There are a very large number of changes, so older changes are hidden. Show Older Changes
RobH added a parent task: Unknown Object (Task).Apr 6 2022, 5:04 PM
RobH moved this task from Backlog to Racking Tasks on the ops-codfw board.
RobH mentioned this in Unknown Object (Task).

@Papaul does this notation you added refer to the row (and rack) location? For example: aqs2001: B6U35 ge-6/0/34, does that mean row 'B'?

@Eevans yes B is row B , 6 is the rack number and U35 is the position of the server in the rack (row B rack 6 position 35)

@Eevans yes B is row B , 6 is the rack number and U35 is the position of the server in the rack (row B rack 6 position 35)

Gotcha; Now is probably a good time then to pull you into the discussion started in T305102: Erroneous node placement (AQS Cassandra cluster). That ticket was created mostly to get things sorted in eqiad, but with the expansion to codfw happening, we took a stab at that as well. The row numbers we put into that second table are -I think- a strawperson, that exact mapping doesn't have to match that if the distribution is otherwise Good™ (though we should probably update that table as we go).

The main thing that we wanted to do is to create pairs of rows that are equivalent. See the eqiad table in that ticket for an example: there we are proposing that [A,D], [B,E], and [C,F] are equivalent. For Cassandra purposes, we'd treat each of those pairs as a row, and in so doing, give ourselves more options for placement if/when the cluster is expanded again. AFAIK, there are only 4 rows in codfw, but we wanted to see about creating at least one equivalency there (perhaps combining the two most crowded?) so that if codfw is ever expanded the way eqiad was, we'd be prepared.

@Eevans since we have only for rows in codfw do think doing [AC] and [BD] with each row having 3 servers in a rack will work or not please advice I will be glad to work with you on what is the best option.

Thanks.

@Eevans since we have only for rows in codfw do think doing [AC] and [BD] with each row having 3 servers in a rack will work or not please advice I will be glad to work with you on what is the best option.

For Cassandra, we need 3... let's call them units of failure. We typically replicate data 3-ways, so the idea is to have one replica in each of these units, so that if one fails, we continue to have 2 live copies (important because 2 is enough for quorum). We've been using a row in our datacenters as that unit of failure.

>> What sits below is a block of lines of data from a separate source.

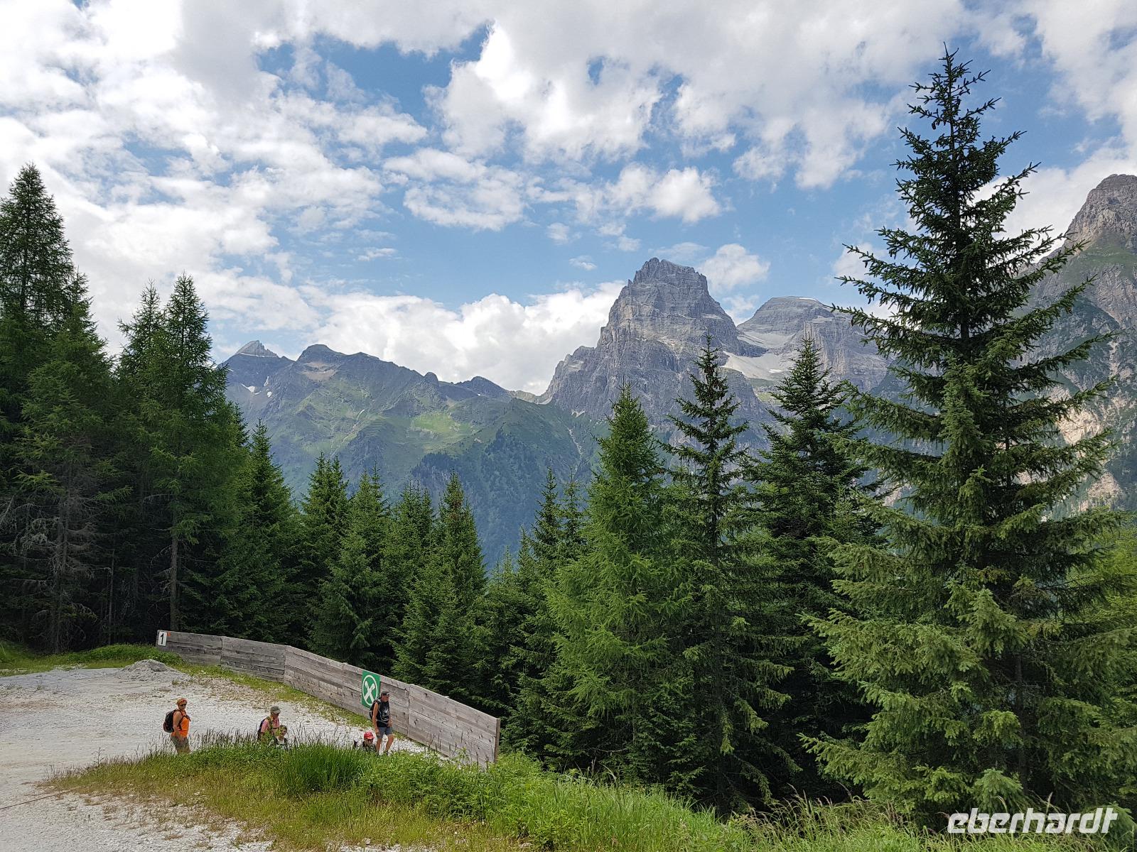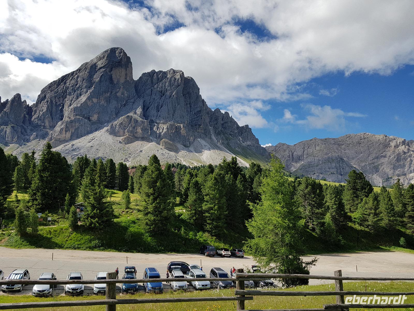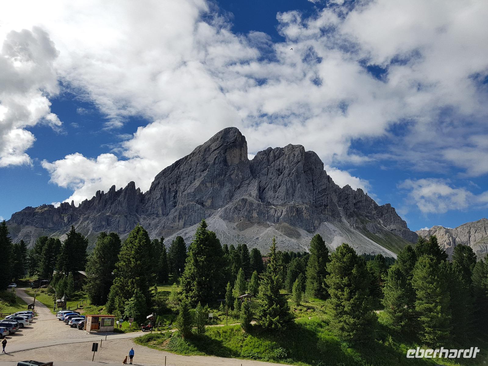 Gestärkt vom Frühstück fuhren wir um 8 Uhr, ein bisschen eher wie sonst, vom Hotel ab, da wir heute eine längere Anfahrt zur Wanderung hatten. Wir fuhren vom Hotel über das Pustertal zum Gadertal, dem ladinischen Herzen Südtirols. Über das Örtchen St. Martin in Thurn ging es zum Würzjoch, unserem Ausgangspunkt heute, das auf 2006 Metern Höhe liegt. Nach einer kurzen technischen Pause starteten wir die zweite Wanderung am Fuße des Peitlerkofels.
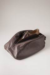 Like a second skin, the nappa envelope with washable fabric interiors becomes a soft and elegant shell for the carrying of shoes. A shoe case with a masculine and rigorous line which fits by right into the perfect travel kit.
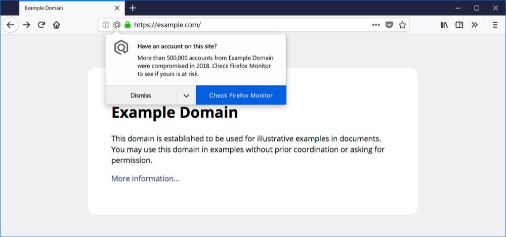 Firefox brauzerinin Desktop versiyası hacker hücumlarına məruz qalmış saytları ziyarət edərkən istifadəçiyə bildirişlər verməyi öyrənib. Funksiya Firefox Monitor genişləndirilməsi üzərindən reallaşdırılıb, hansı ki, 2018-ci ilin sentyabr ayında təqdim olunub. Öncələr o yalnız email ünvanların oğurlanmış olmasını yoxlayırdı.
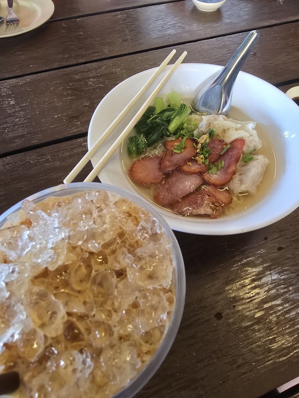 I order egg noodle with red pork and soup
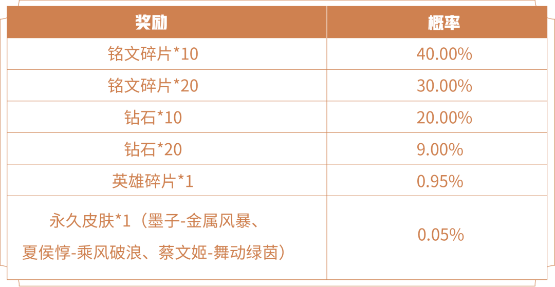 史诗皮肤幸运宝箱:打开后可获得以下奖励之一,铭文碎片*10、铭文碎片*20、钻石*10、钻石*20、英雄碎片*1、永久皮肤(墨子-金属风暴、夏侯惇-乘风破浪、蔡文姬-舞动绿茵)
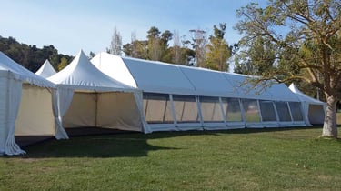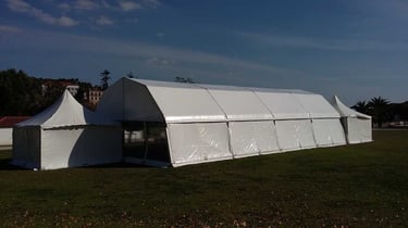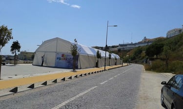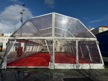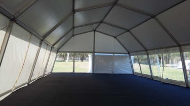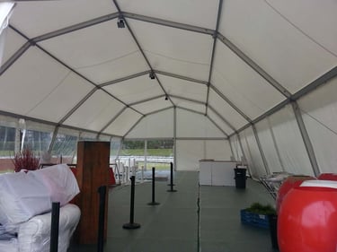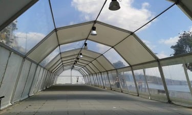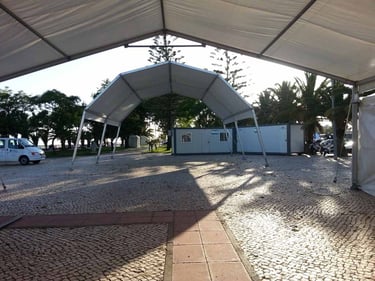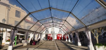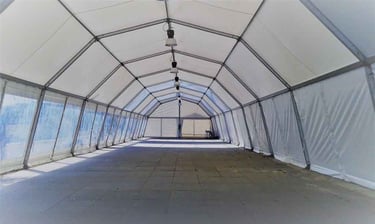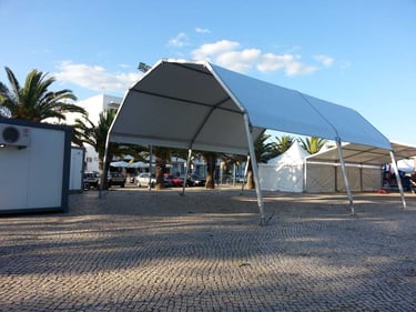 Estrutura em alumínio e tela PVC, branca, transparente ou outra cor.
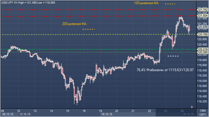 Сопротивление 1: Y121.50 - часовое сопротивление 26 октября
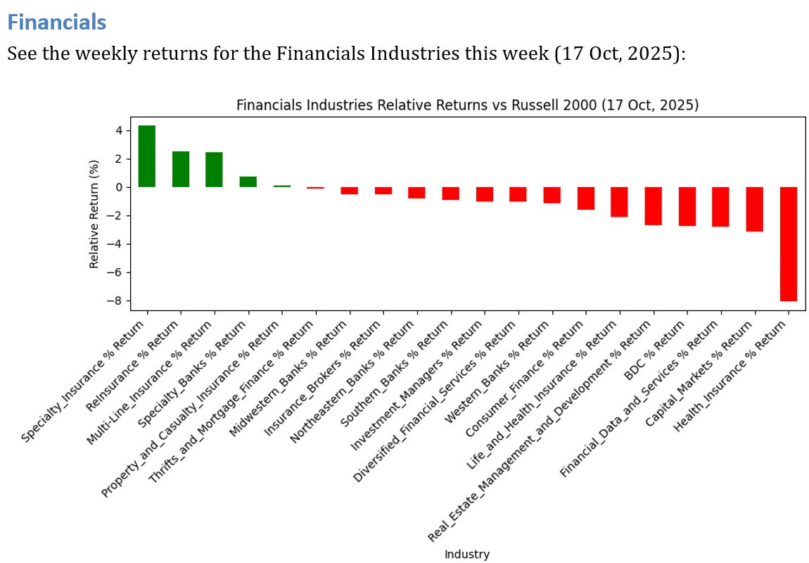 1 Financials Industries OUTPERFORMED the Russell 2000 by >3%
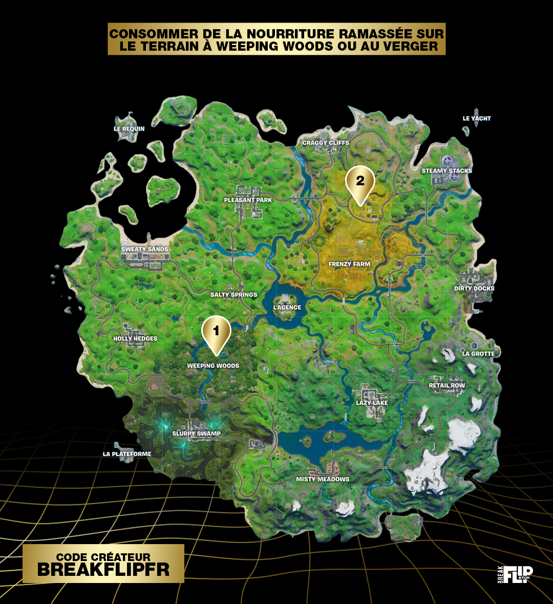 Fortnite : Consommer de la nourriture ramassée sur le terrain à Weeping Woods ou au Verger, défi semaine 7 saison 2
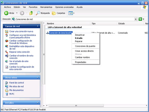 - Con el botón derecho del ratón, haz clic en la conexión de red luego en Propiedades.
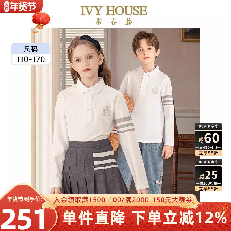 IVY HOUSE常春藤儿童装男女童春季学院风长袖POLO衫T恤打底亲子装
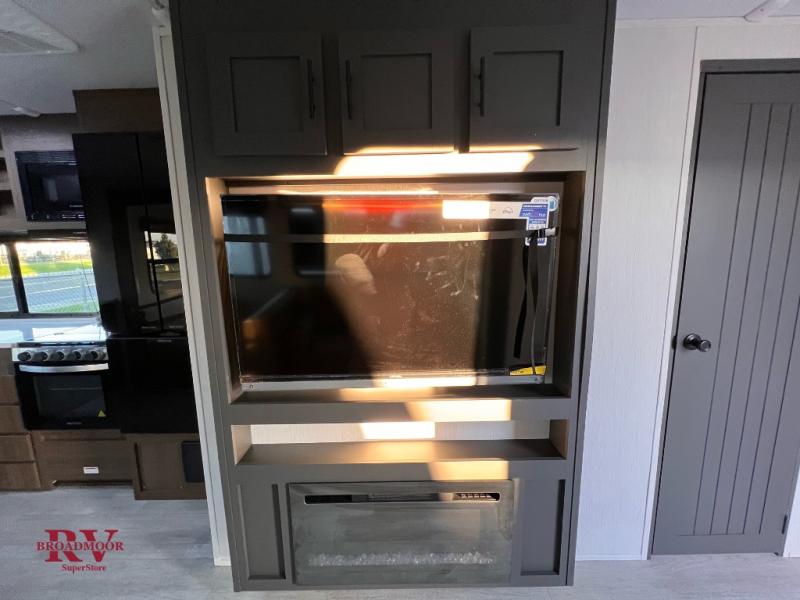 If you enjoy camping with friends and family, but still want your own space at night, this travel trailer is perfect for you! The front private bedroom includes a Maxx king bed, a bedside wardrobe, plus a second wardrobe with two drawers below. Your guest can take the mid-bunkroom that includes Cat-Nap sleepers which is a bunk with fold out mats underneath. There is also a wardrobe with three drawers and a slide out to make this room more spacious. Just outside the bunkroom is the tri-fold hide-a-bed sofa and booth dinette that are in direct view of the smart TV and fireplace. You will also fall in love with the rear kitchen that includes a skylight, plenty of counter space, a large single bowl stainless steel sink, and a 12V refrigerator!
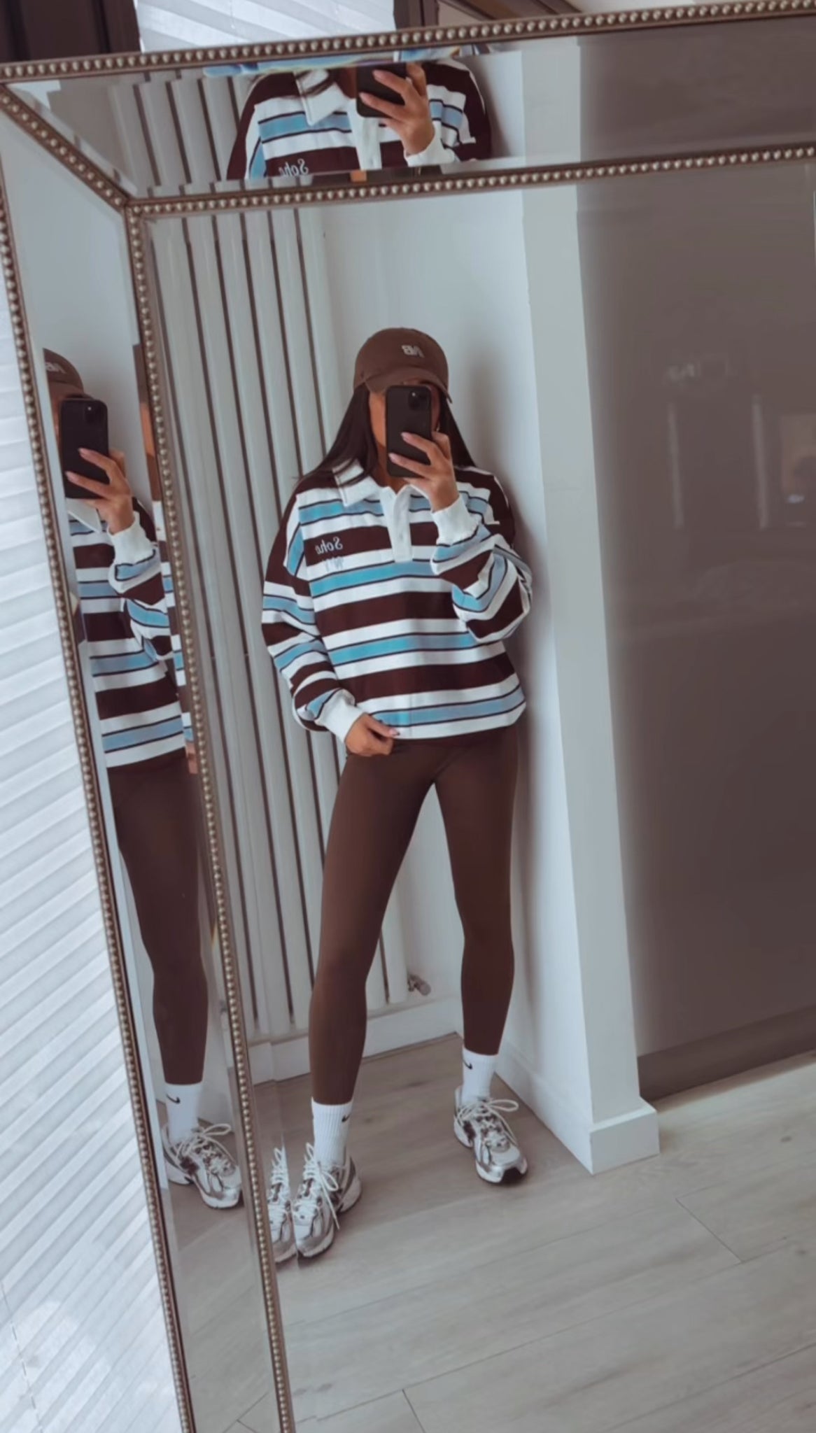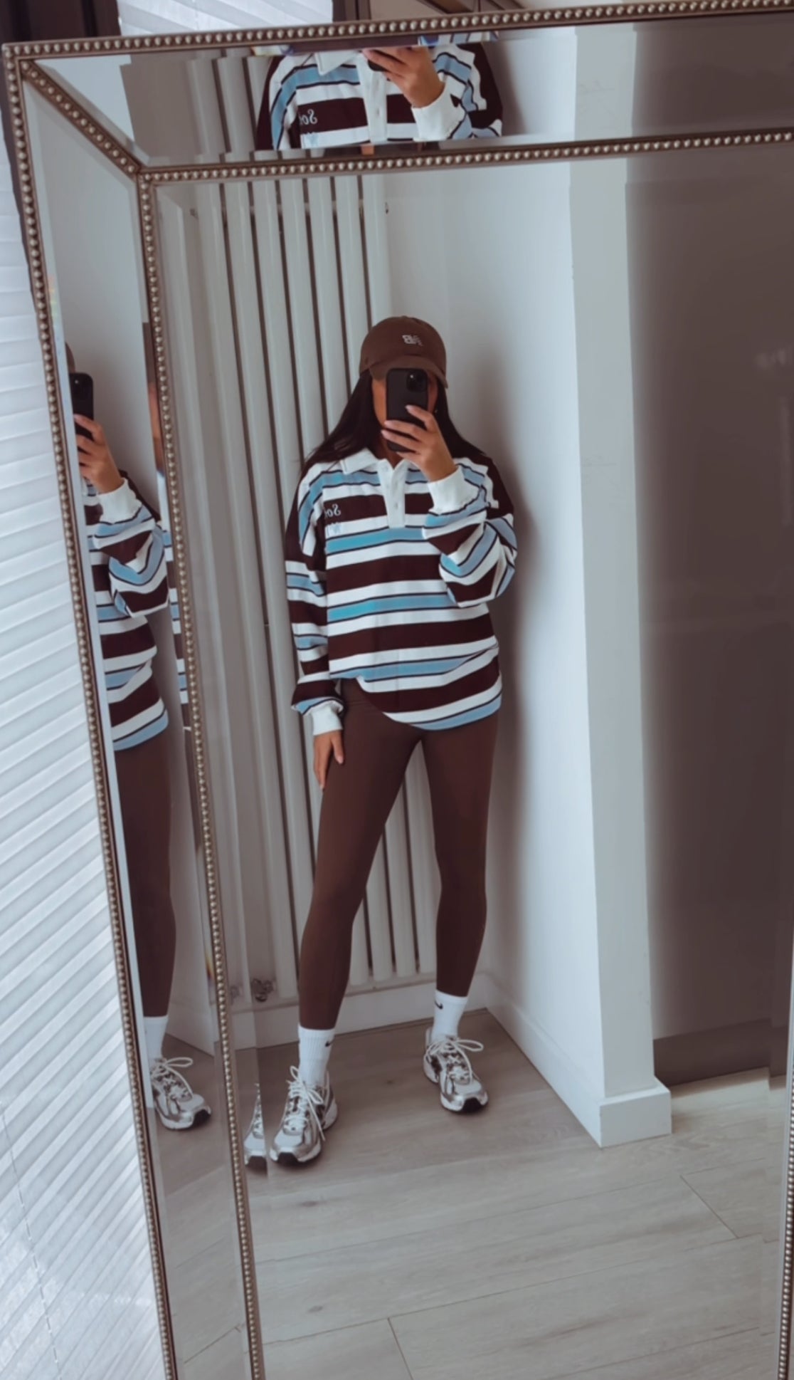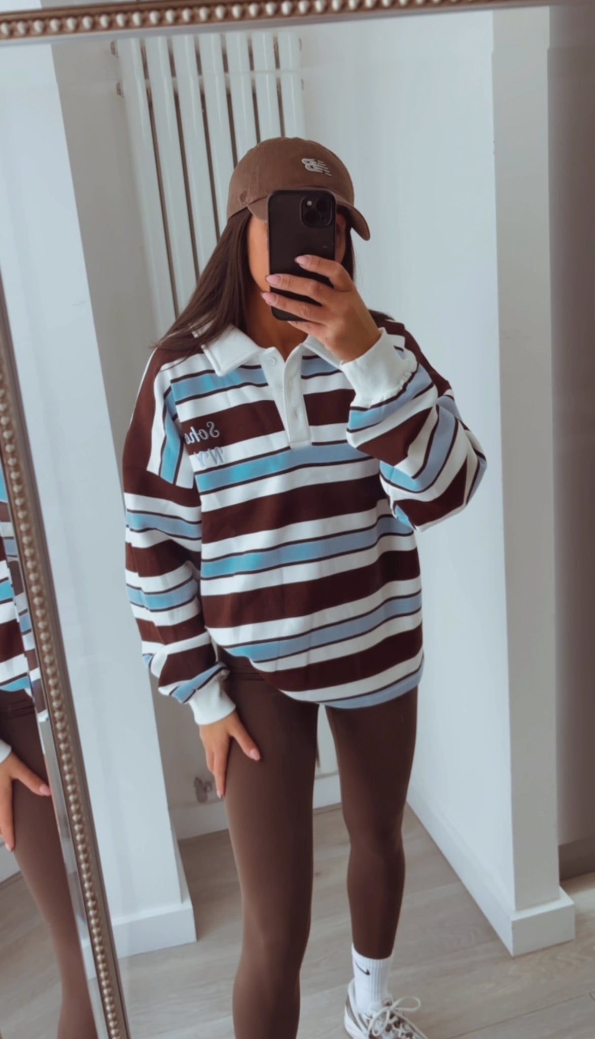 Marcie stripe long sleeve collared rugby style top - brown/blue
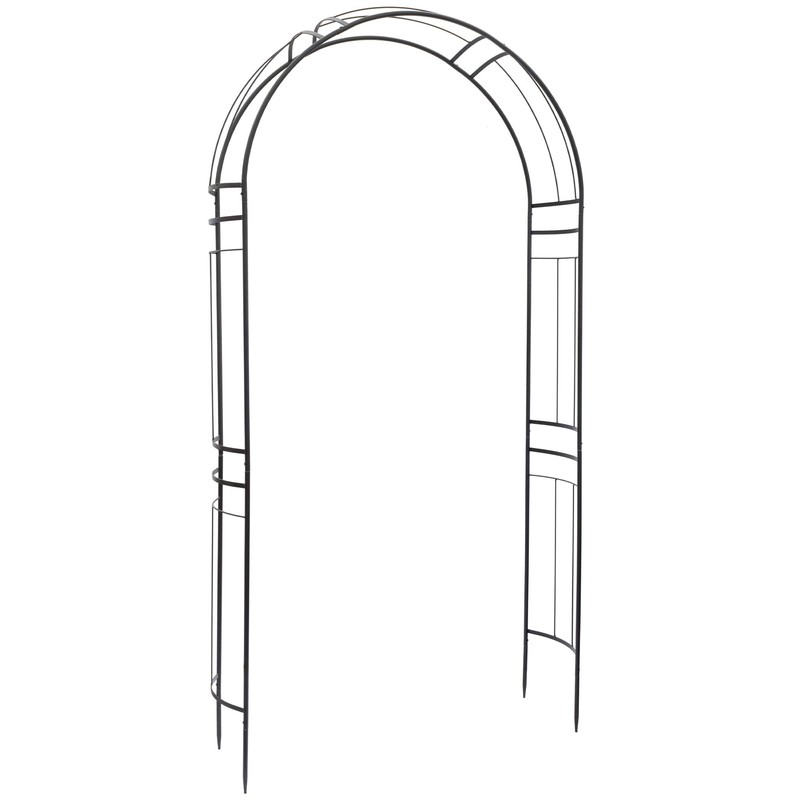 The Aspen Arbor by Arcadia Garden Products is an elegant focal point for any garden or yard, featuring contemporary lines in a weather-resistant black finish. Over eight feet in height, this quality arbor is durably crafted from powder coated metal. Provides a charming aesthetic with the addition of climbing plants or hanging ornaments. Perfect for weddings and occasions.

So [AC] and [BD] would only give us two such units. But, we could do (and this is just an example), [A,D], [B], [C]. This might be useful in the near-term if for example A is tight on space (because it would let us use D as an equivalent to A as needed), and if we ever expand to 6 rows (like we did with eqiad), then we can make that [A,D], [B,E], [C,F] (again, just as an example).

@Eevans I do not have any space issue in codfw for now, so I think [A,D], [B], [C] should work without a problem. Now what i will like for you to give me since you understand this Cassandra setup better is some numbers. for example for :

  • [AD] how many serve in a rack in row A and now many servers in a rack for row D
  • [B ] how many servers in a rack for the row B?
  • [C ] how many servers in a rack for the row C?

Thanks

@Eevans I do not have any space issue in codfw for now, so I think [A,D], [B], [C] should work without a problem. Now what i will like for you to give me since you understand this Cassandra setup better is some numbers. for example for :

  • [AD] how many serve in a rack in row A and now many servers in a rack for row D
  • [B ] how many servers in a rack for the row B?
  • [C ] how many servers in a rack for the row C?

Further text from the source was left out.